Thank you beachgal and pixie.

Pixie, I am in ca and my present ob/gyn wants to do mymectomy but i am considering laproscopy. If they could do laproscopy in your case then I can also go for it. But my ob/gyn is telling me that if they do laproscopy in that big size of fibroid(6cm), they may not able to stich it after they take it out the fibroid.According to her it will have complications in the future pregnancy.I have to look for specialist.

Beachgal, I am glad I met you. you gave me hope and you have a healthy pregnancy. You go girl.:hugs:


----------



## beachgal

Keep us posted! I hope you get all the answers you need and treatment so you can have a healthy pregnancy as well :)


----------



## PixieQ

https://www.uclafibroids.com/open_surgery.html

UCLA offers the robotic-assisted surgery. I highly recommend consulting with them.


----------



## Rashaa

Hi Karen,

I had a large fibroid when I got pregnant a year and a half ago, which unfortunately ended at 7 weeks. My HCG never went above 120. I has a staged resection of a 9 cm fibroid (huge), it was submucosal (half in and half out of the uterine cavity.
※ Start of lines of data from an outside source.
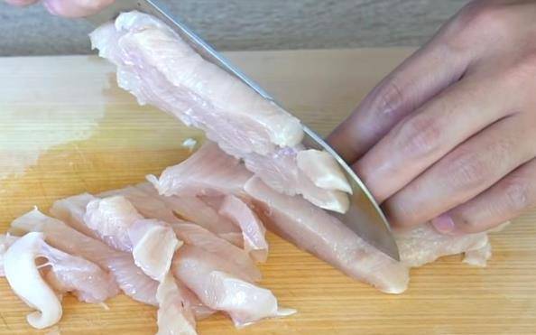 2将鸡胸肉切薄后,再切成细条。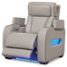 | Details | One-touch power control with adjustable positions, Easy View™ adjustable headrest and zero-draw USB port, Zero-draw technology only consumes power when the USB receptacle is in use, Extended ottoman for enhanced comfort; zero-gravity mechanism allows optimum reclining comfort with infinite reclining positions, Air massage system includes 3 settings: steady, pulse and wave (with automatic 20-minute shutoff feature), Heat in the seat element (with automatic 30-minute shutoff feature), Ambient blue LED lighting for a theater-style experience, Corner-blocked frame with metal reinforced seat, Attached cushions; high-resiliency foam cushions wrapped in thick poly fiber, Genuine leather typically covers inside areas such as the back, seat and arm cushions; skillfully matched faux leather covers the remaining areas, Due to its natural origin, real leather can show individual characteristics such as healed scars, growth marks, grain variation and shade variation, Natural variations make each hide unique and do not detract from the wearing qualities of leather, Armrests with flip-top storage and cup holder, Power cord included; UL Listed | |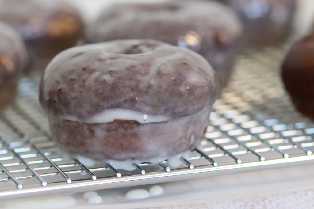 If you’re like me; you don’t like getting your fingers gooey, and lets face it, when you think about glazing a donut, messy comes to mind. Here is the best method I found for glazing the donut. Start by grasping the donut in between your fingers; one finger on top of the donut, and your thumb on the bottom. (not on the sides of the donut) Dip the side of the donut in the glaze and roll it until the sides are covered, then drop the top of the donut into the glaze. Using your index finger, insert it into the center hole of the donut as far in as you can get it, and scoop it out. Once you scoop it out of the glaze, hold it over the glazing bowl and let the excess drip off for about 30 seconds. set it back onto the cooling rack to harden. Make sure you have a sheet of parchment paper underneath the cooling rack for easy clean up, as it will drip a little bit more.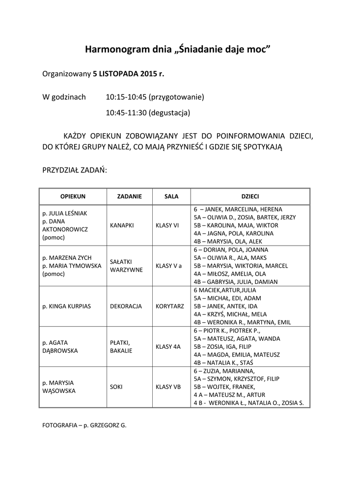 Harmonogram dnia „Śniadanie daje moc” Organizowany 5 LISTOPADA 2015 r. W godzinach 10:15-10:45 (przygotowanie) 10:45-11:30 (degustacja) KAŻDY OPIEKUN ZOBOWIĄZANY JEST DO POINFORMOWANIA DZIECI, DO KTÓREJ GRUPY NALEŻ, CO MAJĄ PRZYNIEŚĆ I GDZIE SIĘ SPOTYKAJĄ PRZYDZIAŁ ZADAŃ: OPIEKUN ZADANIE SALA p. JULIA LEŚNIAK p. DANA AKTONOROWICZ (pomoc) KANAPKI KLASY VI p. MARZENA ZYCH p. MARIA TYMOWSKA (pomoc) SAŁATKI WARZYWNE KLASY V a p. KINGA KURPIAS DEKORACJA KORYTARZ p. AGATA DĄBROWSKA PŁATKI, BAKALIE KLASY 4A p. MARYSIA WĄSOWSKA SOKI KLASY VB FOTOGRAFIA – p. GRZEGORZ G. DZIECI 6 – JANEK, MARCELINA, HERENA 5A – OLIWIA D., ZOSIA, BARTEK, JERZY 5B – KAROLINA, MAJA, WIKTOR 4A – JAGNA, POLA, KAROLINA 4B – MARYSIA, OLA, ALEK 6 – DORIAN, POLA, JOANNA 5A – OLIWIA R., ALA, MAKS 5B – MARYSIA, WIKTORIA, MARCEL 4A – MIŁOSZ, AMELIA, OLA 4B – GABRYSIA, JULIA, DAMIAN 6 MACIEK,ARTUR,JULIA 5A – MICHAŁ, EDI, ADAM 5B – JANEK, ANTEK, IDA 4A – KRZYŚ, MICHAŁ, MELA 4B – WERONIKA R., MARTYNA, EMIL 6 – PIOTR K., PIOTREK P., 5A – MATEUSZ, AGATA, WANDA 5B – ZOSIA, IGA, FILIP 4A – MAGDA, EMILIA, MATEUSZ 4B – NATALIA K., STAŚ 6 – ZUZIA, MARIANNA, 5A – SZYMON, KRZYSZTOF, FILIP 5B – WOJTEK, FRANEK, 4 A – MATEUSZ M., ARTUR 4 B - WERONIKA Ł., NATALIA O., ZOSIA S.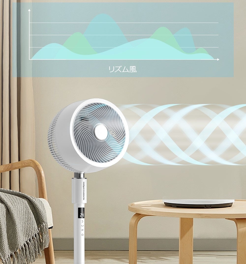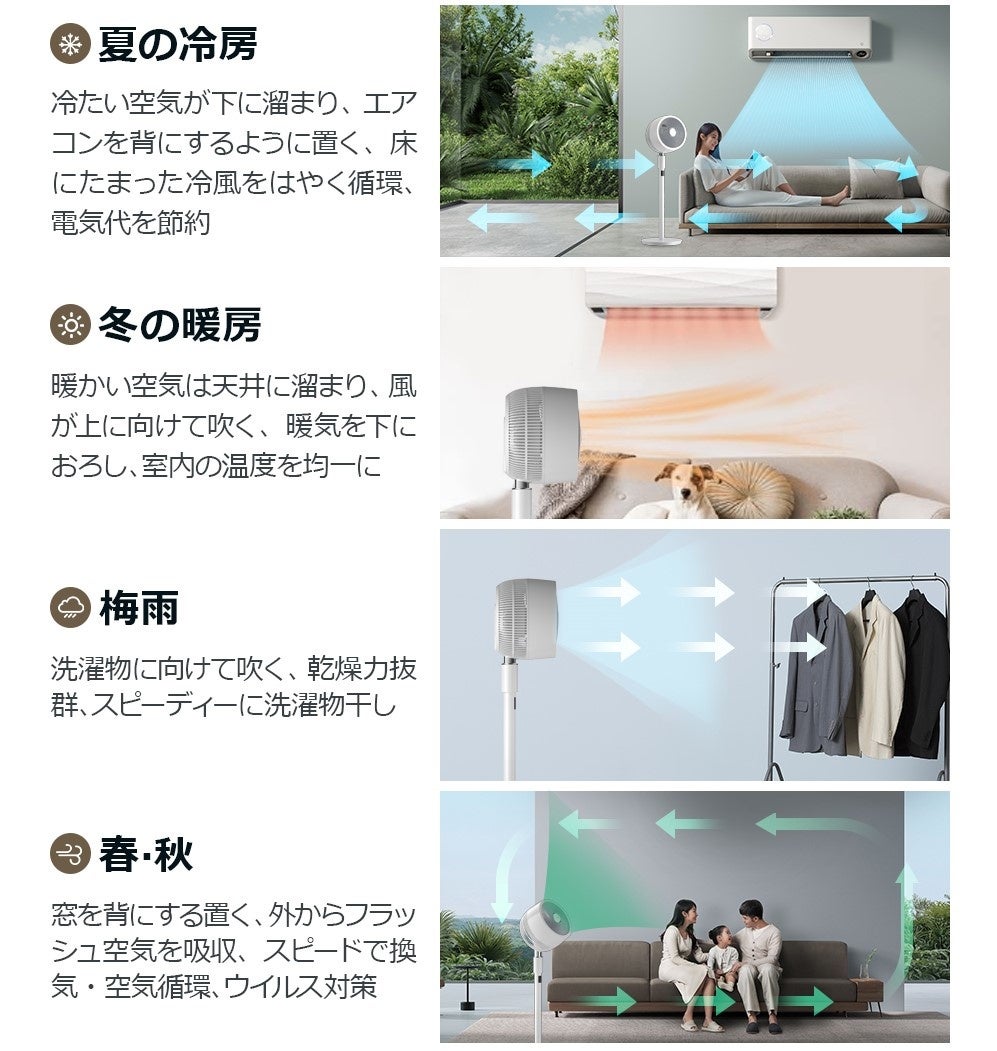 上下、左右に加えて、立体3D首振りができるので、風を部屋中に拡げて室温のムラを抑えます。お部屋全体の空気を攪拌させて循環気流を起こします。エアコンと併用すれば、より効率的な冷暖房が可能となります。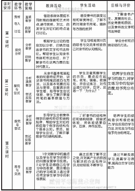 本课的教学重点是了解隶书的审美特征、难点是用笔技法和结构规律的学习运用。力求通过课中、课后的反复练习,使学生从笔法和结构上较准确地把握隶书的审美特征,写出合乎基本要求的隶书。宜采用直观教学、启发教学,并注重对学生探究精神和学习兴趣的培养。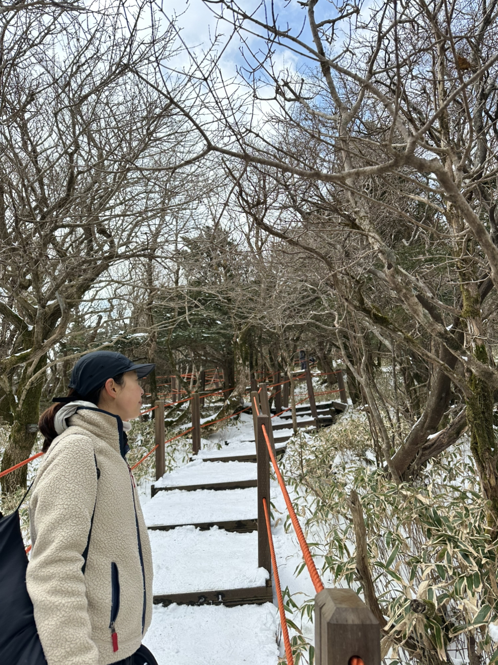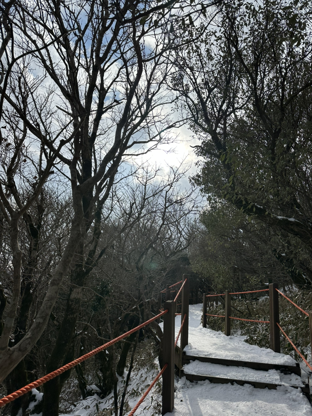 상고대가 펼쳐진 풍경은 아니었지만 아직 녹지 않은 눈 덕분에 아이의 하얀 웃음을 많이 볼 수 있었다. 어렵지 않은 코스지만 눈길이라 조심조심 걸었다. 아이젠을 준비 못한 가족이 줄을 붙잡고 엉거주춤 내려오시길래 먼저 지나가길 기다리고 서있었다. 본인도 미끄러울 텐데 눈길에 발자국을 파며 딸에게 아빠가 밟은데 밟으라고 앞서 내려와 주시는 모습에 내 마음이 다 따뜻해졌다.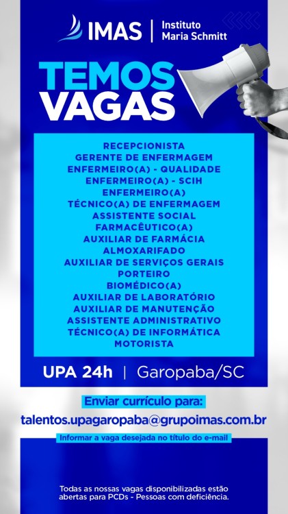 IMAS Assume a gestão da UPA 24Hs em Garopaba, e oferece vagas em vários setores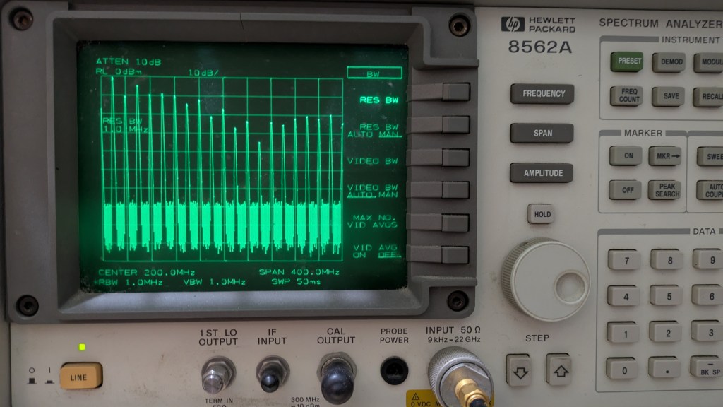 Refer to the photos below. Note that the actual output is 10dB higher because a 10dB attenuator is inserted (see above photo). The power at 200MHz which is the 10th harmonics is -10.3dBm which is a highly useful level. The power of the 20th harmonics (400 MHz) is -14.8dBm, which is still a useful level.

My FS specialized in these types of procedures to preserve my reproductive ability. 

Most women have fibroids..but there are four main types. It depends on what type they are, anywhere they are.

I now almost 20 weeks, and have more fibroids! Surprise! Not! But the baby is not being affected by it, and touch wood, things are so far going well. 

Best of luck in your pregnancy. But you can have fibroids and still go full term. I have two other children, and had fibroids with my son. He went to 42 weeks! :)


----------



## abhiRPH

https://women.webmd.com/uterine-fibroids/uterine-fibroid-embolization-ufe

can I do uterine embolization? They stop the blood flow to fibroids and slowly they shrink and will not return. is this a good option if u want to get pregnant in the future? Anyone did this?


----------



## Rashaa

abhiRPH said:


> https://women.webmd.com/uterine-fibroids/uterine-fibroid-embolization-ufe
> 
> can I do uterine embolization? They stop the blood flow to fibroids and slowly they shrink and will not return. is this a good option if u want to get pregnant in the future? Anyone did this?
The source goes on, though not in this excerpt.